▶ **Activity**
Look for the line containing "品牌:義大利 PEDRINI材質:Durastone Ultra" and the line containing "Sonra mərkəzin direktoru" in the entries below. Copy those two and all lines between them exactly, leaving out pictures.

▶ **Records for processing**
--------
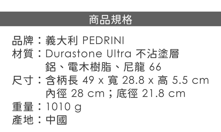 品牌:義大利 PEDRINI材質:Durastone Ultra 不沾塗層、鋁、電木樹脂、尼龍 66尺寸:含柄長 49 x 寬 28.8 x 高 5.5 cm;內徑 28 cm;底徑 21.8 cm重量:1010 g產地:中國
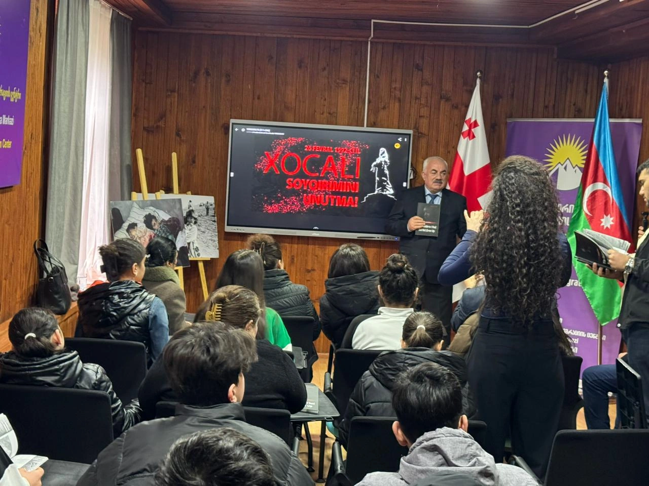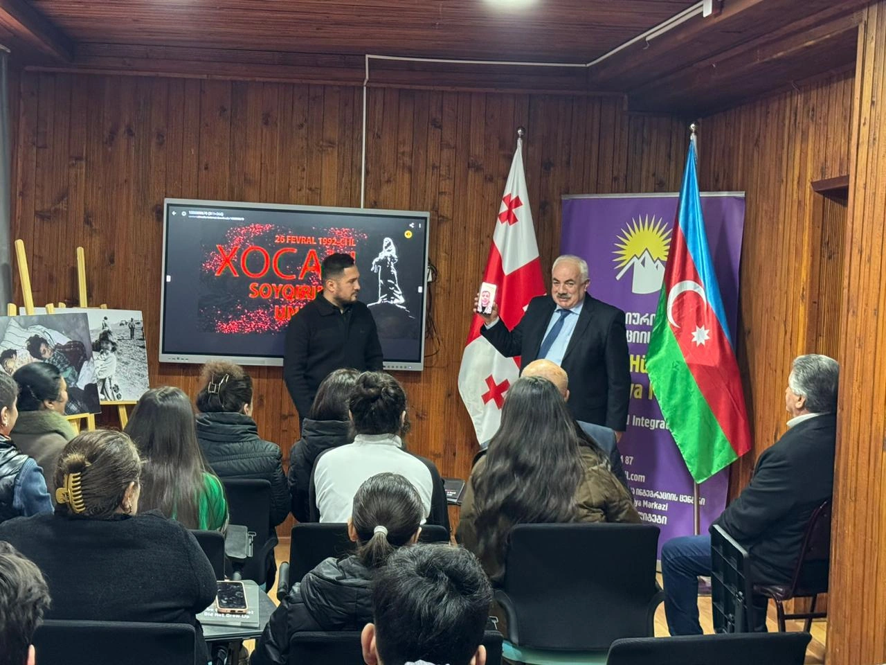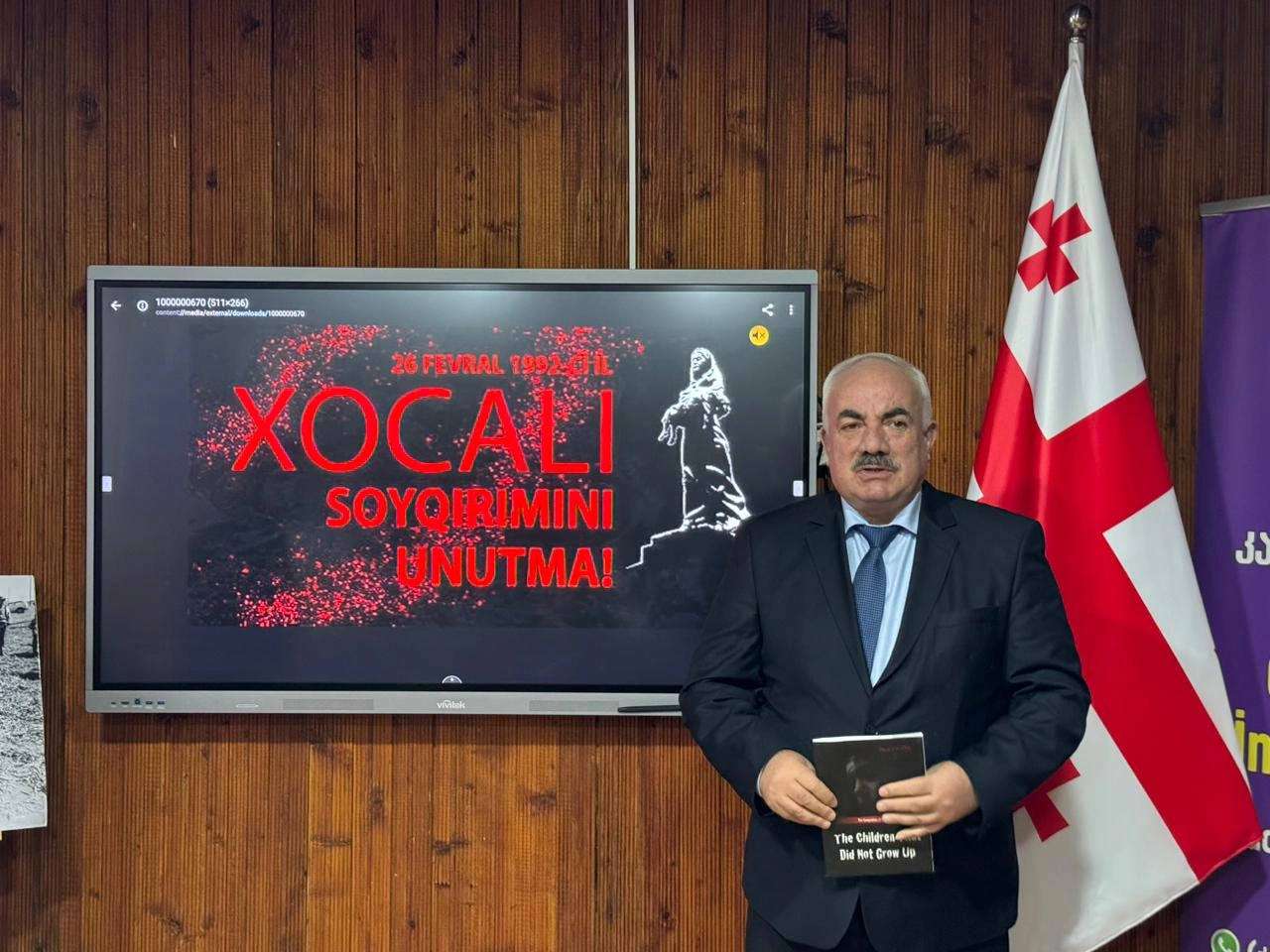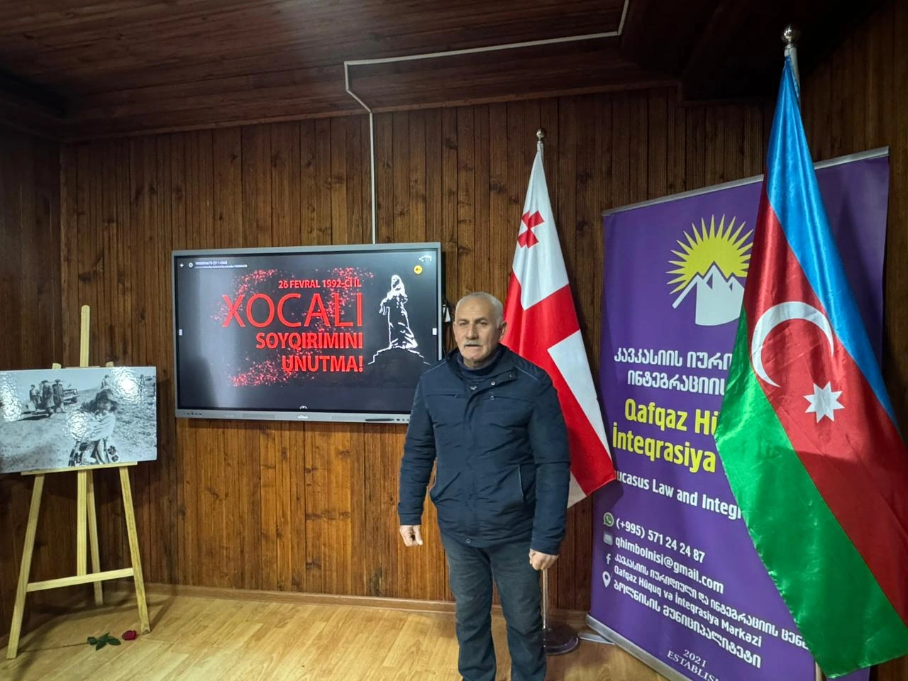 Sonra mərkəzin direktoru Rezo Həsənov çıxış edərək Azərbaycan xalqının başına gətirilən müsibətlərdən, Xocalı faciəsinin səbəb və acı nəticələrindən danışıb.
--------
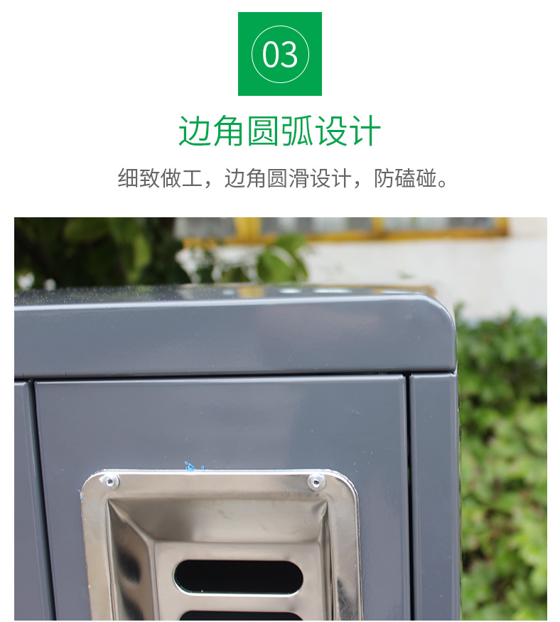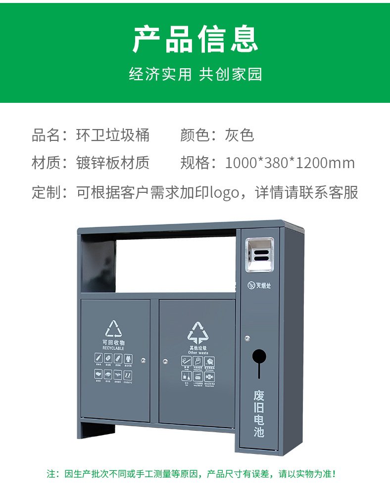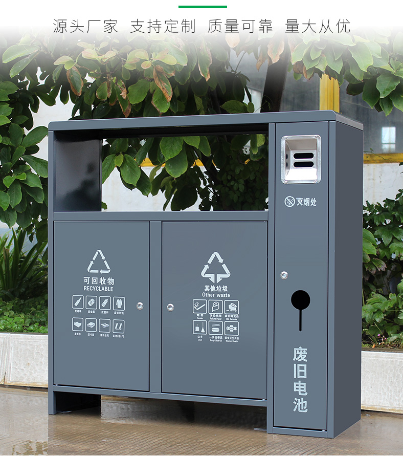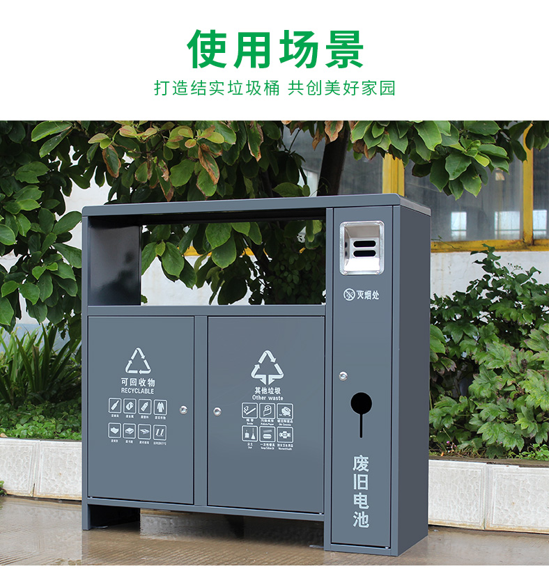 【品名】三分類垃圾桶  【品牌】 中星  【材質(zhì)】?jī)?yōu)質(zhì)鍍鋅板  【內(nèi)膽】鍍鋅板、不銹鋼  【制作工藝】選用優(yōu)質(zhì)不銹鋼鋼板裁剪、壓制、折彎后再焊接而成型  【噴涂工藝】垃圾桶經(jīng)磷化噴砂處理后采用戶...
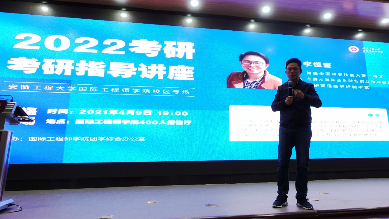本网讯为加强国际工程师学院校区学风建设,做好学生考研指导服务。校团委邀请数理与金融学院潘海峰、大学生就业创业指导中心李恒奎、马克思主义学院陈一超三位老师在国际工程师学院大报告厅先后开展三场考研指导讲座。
--------
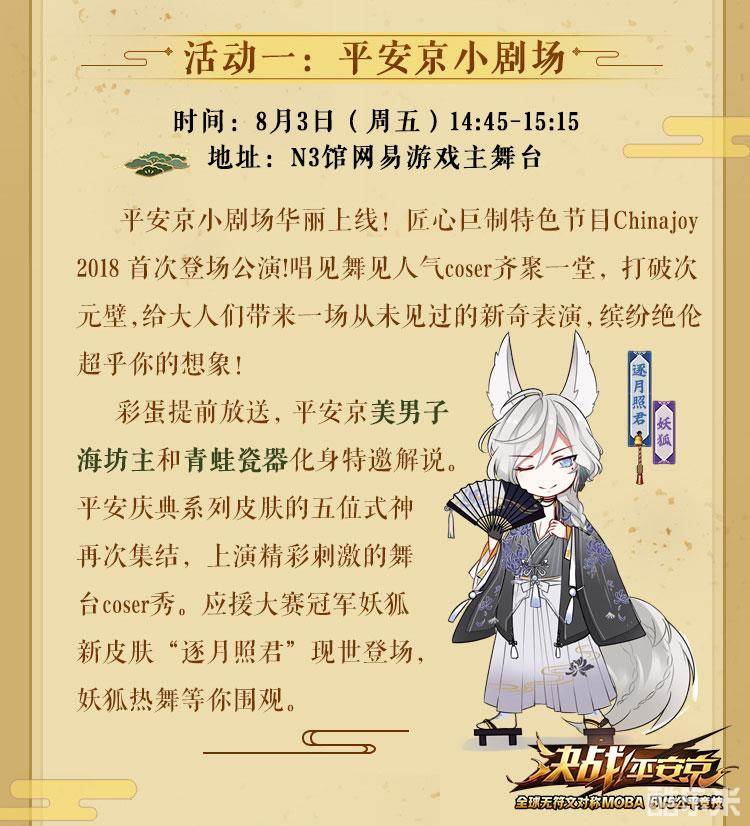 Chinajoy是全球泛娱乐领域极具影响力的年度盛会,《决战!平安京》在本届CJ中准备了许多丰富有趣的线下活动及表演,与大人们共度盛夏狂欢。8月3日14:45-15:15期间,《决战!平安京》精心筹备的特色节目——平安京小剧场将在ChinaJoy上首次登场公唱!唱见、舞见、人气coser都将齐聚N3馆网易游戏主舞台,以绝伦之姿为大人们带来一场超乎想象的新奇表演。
--------
▶ **Answer section**
 品牌:義大利 PEDRINI材質:Durastone Ultra 不沾塗層、鋁、電木樹脂、尼龍 66尺寸:含柄長 49 x 寬 28.8 x 高 5.5 cm;內徑 28 cm;底徑 21.8 cm重量:1010 g產地:中國
 Sonra mərkəzin direktoru Rezo Həsənov çıxış edərək Azərbaycan xalqının başına gətirilən müsibətlərdən, Xocalı faciəsinin səbəb və acı nəticələrindən danışıb.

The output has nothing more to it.